Guggenheim Museum, Bilbao

Contemporary architecture

And Spain’s most avant-garde monuments never fail to surprise. These are buildings, constructions, and architectural spaces designed by prestigious architects who combine aesthetics with functionality. There are museums and cultural centres such as the Guggenheim Museum in Bilbao (Frank Gehry), the City of Arts and Sciences in Valencia (Santiago Calatrava), the MUSAC in León (Tuñón & Mansilla), the Centro Botín (Renzo Piano), the Centro Niemeyer (Óscar Niemeyer), and the extensions to the Prado Museum (Rafael Moneo) or the Reina Sofía Museum (Jean Nouvel), to name a but a few. Also noteworthy are auditoriums and venues such as the Palau de Sant Jordi (Arata Isozaki) or the Kursaal (Rafael Moneo); wineries such as the Marqués de Riscal complex (Frank Gehry) or Bodegas Ysios (Santiago Calatrava); and public spaces such as the Metropol Parasol (locally known as the "Mushrooms" of Seville), and Terminal 4 at the Madrid-Barajas Adolfo Suárez airport. The list of places waiting to be discovered is a long one, but to give you a few ideas:- Designer wineries- Bilbao Art District- Examples of contemporary architecture in Green Spain- Discover the most modern face of inland Spain- Four art centres with cutting-edge architecture in Andalusia- A tour of the most futuristic buildings on Spain’s Mediterranean coast 

Centro Botín, Santander

Cultural routes

Of all the many cultural routes in Spain, there is one that really stands out, and that has its own name: the Way of St James. The oldest pilgrim route in Europe, year after year it continues to attract thousands of travellers from all over the world, and has been awarded World Heritage status by UNESCO. Another great cultural route is the Vía de la Plata (the Silver Route) which runs from north to south, following the old Roman road of the same name.
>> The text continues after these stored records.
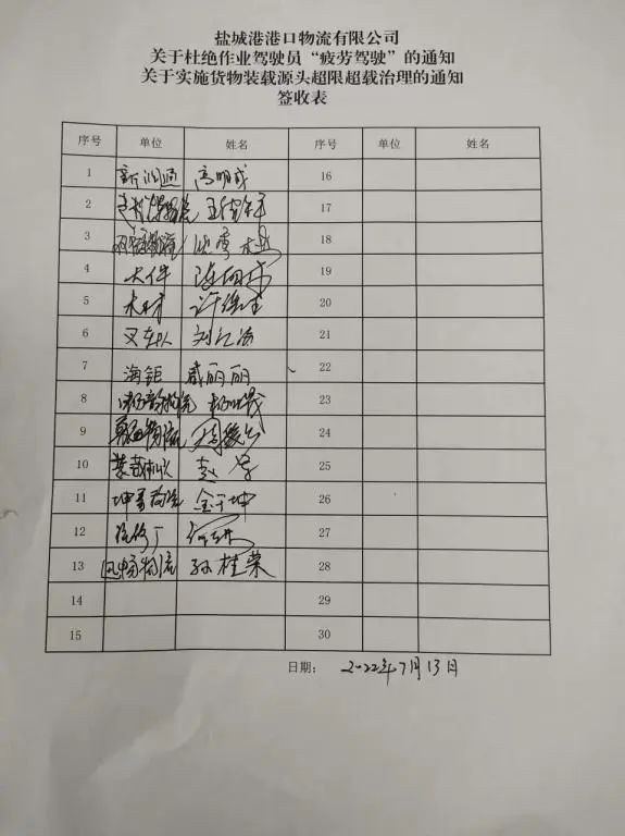 為全面做好港區(qū)作業(yè)車輛超限超載治理工作,切實(shí)加大貨運(yùn)源頭治理力度,保障道路交通運(yùn)輸安全。近期,鹽城港港口公司物流公司認(rèn)真組織職工學(xué)習(xí)貫徹國(guó)務(wù)院安委會(huì)安全生產(chǎn)“十五條”硬措施和鹽城港集團(tuán)“三位一體”工作部署要求,堅(jiān)持“人民至上,生命至上”的理念,嚴(yán)格落實(shí)《關(guān)于實(shí)施貨物裝載源頭超限超載的通知》、《關(guān)于杜絕作業(yè)駕駛員“疲勞駕駛”的通知》等文件要求,全力開展安全運(yùn)輸“三步走”工作。
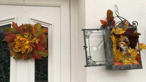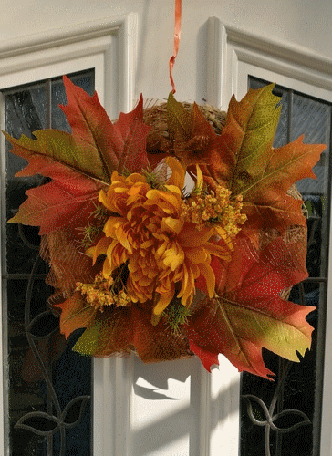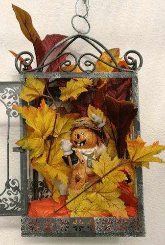 Toujours le même support....un épouventail en platre et des feuilles en plastiques et une couronne de paille... Octobre 2017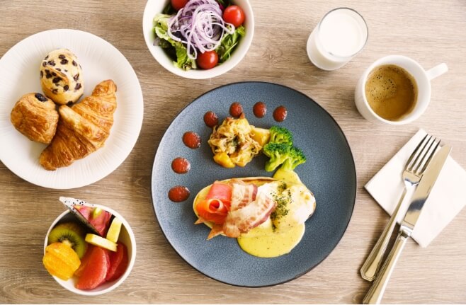 自然光が差し込む爽やかな空間で、地元食材を使った料理とサラダやフルーツ、ホテルメードのブレッドをお楽しみください。

And then there are the Legado Andalusí routes, which reveal the impressive legacy of al-Andalus. Together with those mentioned, there are many other routes that offer great opportunities to discover Spain’s historical and cultural riches. A very varied list that also includes some twenty Council of Europe cultural routes. Here you can discover some of Spain’s most popular tourist routes.

Festivals, celebrations, and traditions

In a country like Spain, the calendar of events is another example of cultural wealth. Throughout the year there are a whole host of important music, film, theatre, literature, dance and performing arts festivals of all kinds and genres. In the major cities you’ll also find big exhibitions, musical shows, and all sorts of special cultural events. Without forgetting the multitude of festivals, fairs, and popular celebrations that take place all over the country. Some have become internationally famous, as is the case of Las Fallas and Holy Week, and some have even been awarded Intangible World Heritage status by UNESCO.

Holy Week in Seville

Artists and famous names

Throughout history many Spaniards have left their distinctive mark in different artistic and cultural fields (Murillo, Zurbarán, Miró, Sorolla, Maruja Mallo, Cervantes, Lorca, Falla, Buñuel, Balenciaga, Ramón y Cajal, and many more). And today there are many who are still continuing to do so. Antonio López, Miquel Barceló, Paco de Lucía, Camarón de la Isla, Montserrat Caballé, Pedro Almodóvar, Blanca Li, Manuel Pertegaz, Severo Ochoa, Margarita Salas and Ana María Matute are just a few names on the long list of women and men who are dedicated to literature, painting, music, film, fashion, dance, science, and all kinds of art whose prestige and renown transcend frontiers.